_WORK TO COMPLETE:_
Down to the last line below, write out every line exactly, starting with the one that contains "A sweet pea" and leaving out the pictures.
** Opening MATERIAL SHOWN block **
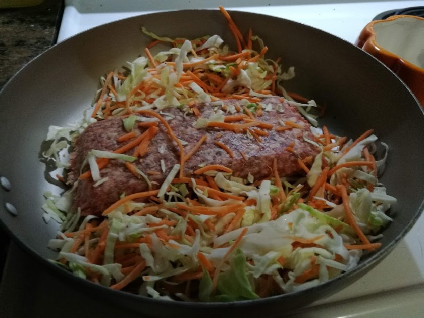 - Combine meat, sesame oil and cabbage mix and cook until meat is almost cooked through and cabbage mix is wilted down
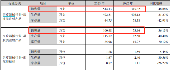 财报显示,去年爱美客凝胶类注射产品共销售100.68万支,溶液类注射产品共销售514.13万支。
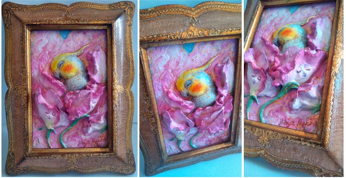 A sweet pea and cockateel(スイートピーとオカメインコ)2018'/Mayaのハガキサイズの立体絵画。
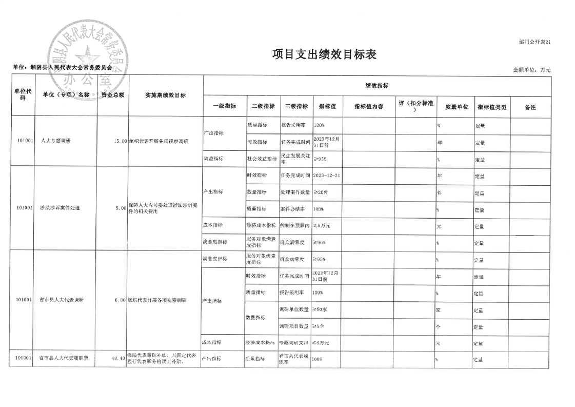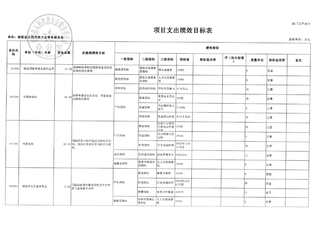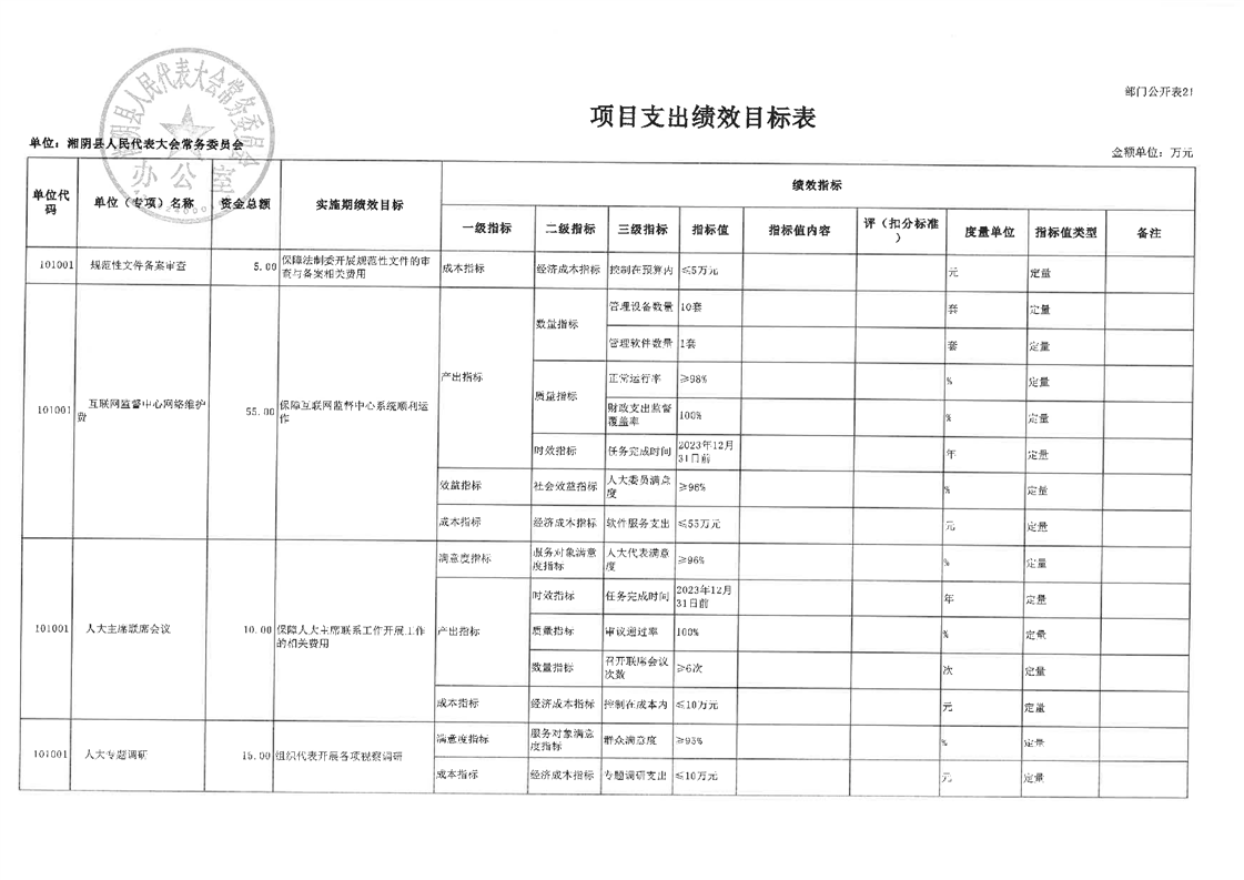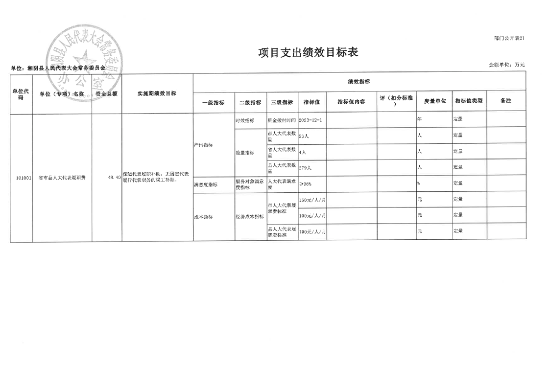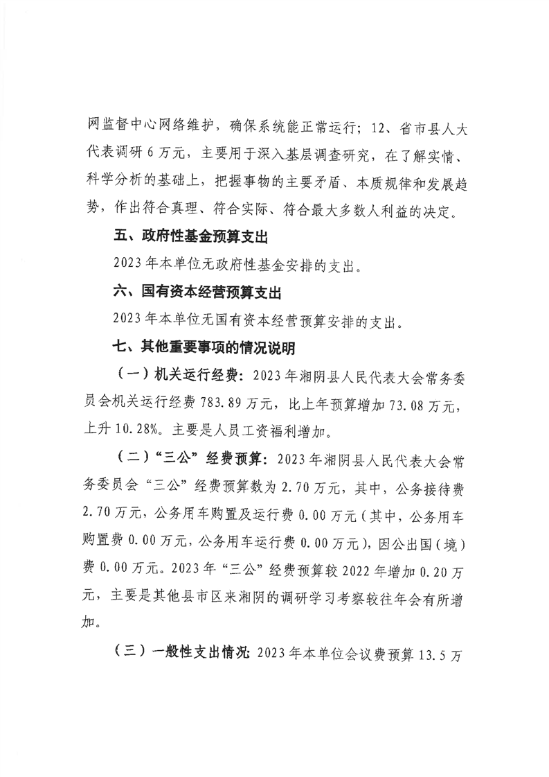 湘阴县人民代表大会常务委员会-2023年度-部门预算公开
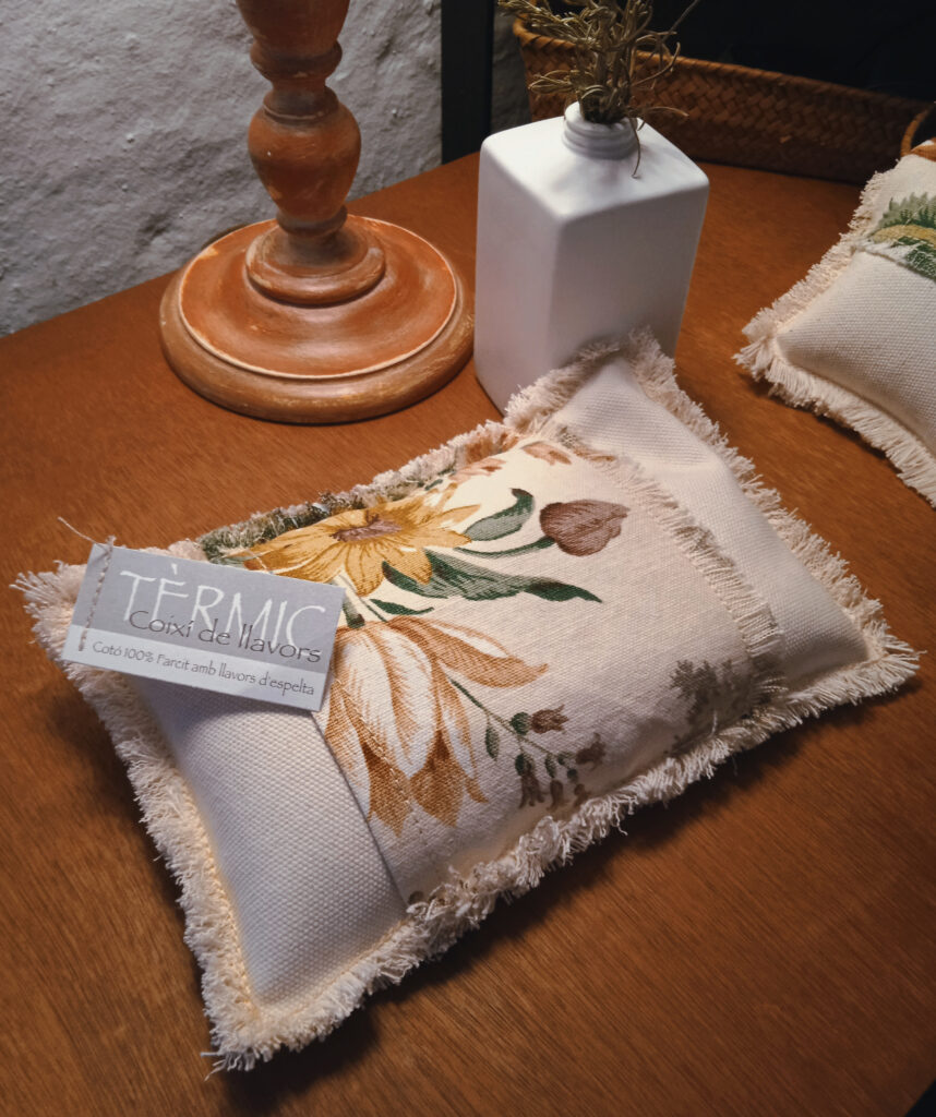 Coixí tèrmic farcit amb llavors d’espelta. Confeccionat amb loneta de cotó.
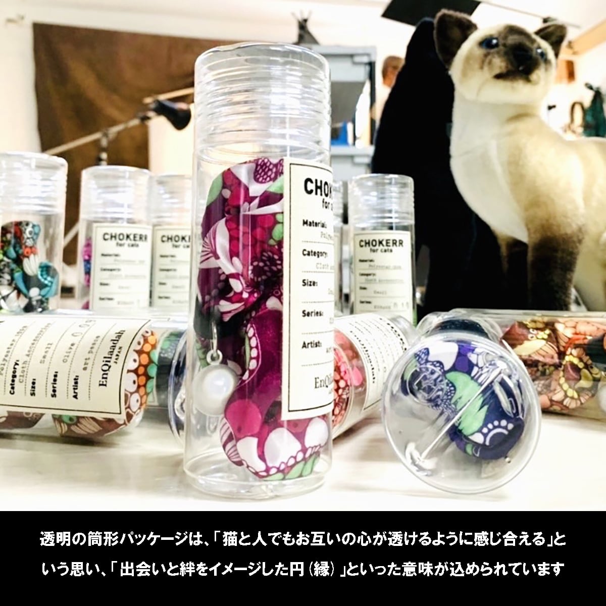 この商品は愛猫へ、また愛猫とともに暮らしている方へのプレゼントとして使ってもらえるように企画した商品です。透明の筒形パッケージは、「猫と人でもお互いの心が透けるように感じ合える」という思い、「出会いと絆をイメージした円(縁)」といった意味が込められています。『贈る・飾る・使う』の場面ごとに幸せを感じられる商品になればうれしいです。
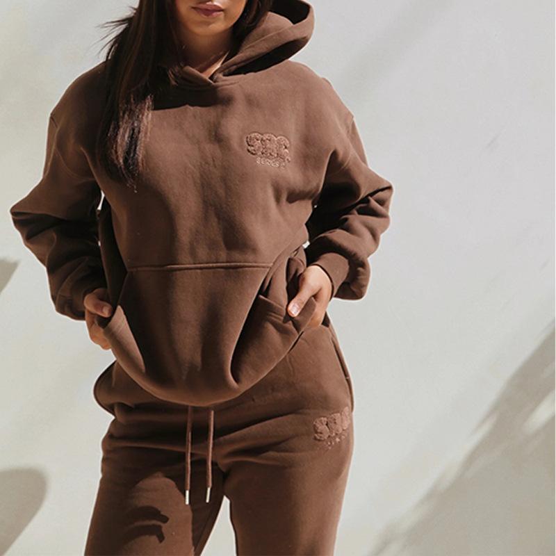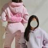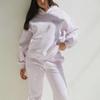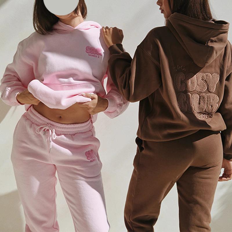 Pink sweatshirt, Purple sweatshirt, green sweatshirt, dark brown sweatshirt, Pink trousers, purple trousers, G...
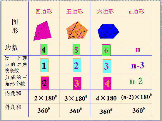n邊形的內(nèi)角和等于(n-2)·180°。(多邊形內(nèi)角和定理)
** Closing MATERIAL SHOWN block **
_TASK RESPONSE:_
 A sweet pea and cockateel(スイートピーとオカメインコ)2018'/Mayaのハガキサイズの立体絵画。
 湘阴县人民代表大会常务委员会-2023年度-部门预算公开
 Coixí tèrmic farcit amb llavors d’espelta. Confeccionat amb loneta de cotó.
 この商品は愛猫へ、また愛猫とともに暮らしている方へのプレゼントとして使ってもらえるように企画した商品です。透明の筒形パッケージは、「猫と人でもお互いの心が透けるように感じ合える」という思い、「出会いと絆をイメージした円(縁)」といった意味が込められています。『贈る・飾る・使う』の場面ごとに幸せを感じられる商品になればうれしいです。
 Pink sweatshirt, Purple sweatshirt, green sweatshirt, dark brown sweatshirt, Pink trousers, purple trousers, G...
n邊形的內(nèi)角和等于(n-2)·180°。(多邊形內(nèi)角和定理)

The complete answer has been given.